What I think is really happening though that each specific task (eg. coding) is having large spillover effects on other areas (eg. helping them to be better at extended verbal reasoning even when not writing any code). The AI labs can't do everything at once, so they're focusing where:
- It's easy to generate more data and measure results (coding, maths etc.) - There's a relative lack of good data in the existing training corpus (eg. good agentic reasoning logic - the kinds of internal monologs that humans rarely write down) - Areas where it would be immediately useful for the models to get better in a targeted way (eg. agentic tool-use; developing great hypothesis generation instincts in scientific fields like algorithm design, drug discovery and ML research)
By the time those tasks are optimised, I suspect the spill over effects will be substantial and the models will generally be much more capable.
Beyond that, the labs are all pretty open about the fact that they want to use the resulting AI talents for coding, reasoning and research skills to accelerate their own research.

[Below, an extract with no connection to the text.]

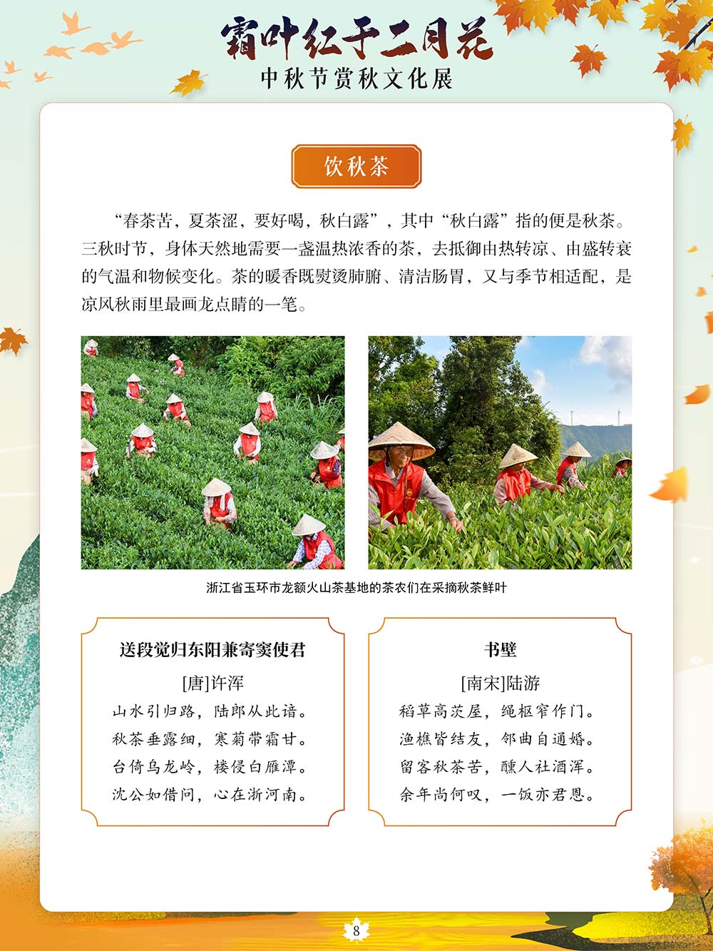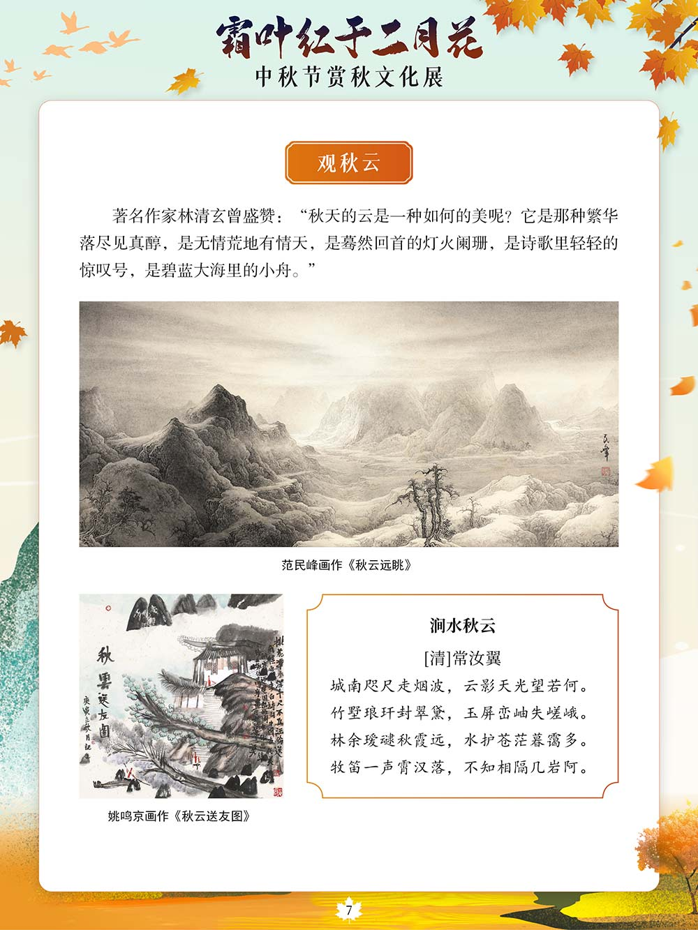 皓月当空,丹桂飘香。作为沿袭千年的传统节日,中秋节始终承载着月圆人团圆、平安合家欢的朴素观念。中秋习俗中,赏秋文化源远流长,自古就有“玉露金风满桂枝,清光因此更华滋”的赞美之词。赏秋作为一种文化传统,已经成为国人生活中不可或缺的一部分。为迎接中秋节的到来,我们特别策划了“霜叶红于二月花——中秋节赏秋文化展”,通过“古代赏秋文化活动”“现代赏秋文化活动”“中秋赏秋色胜地”等几部分,介绍古今赏秋文化与习俗,展现大美中国文化之美、山河之美。

If that works (definitely not obvious yet) then finding ways to train a much broader array of skills could be much faster because that process itself would be increasingly automated.
I think they are hoping that their future is safe. And it is the average minds that will have to go first. There may be some truth to it.
Also, many of these smartest minds are motivated by money, to safeguard their future, from a certain doom that they know might be coming. And AI is a good place to be if you want to accumulate wealth fast.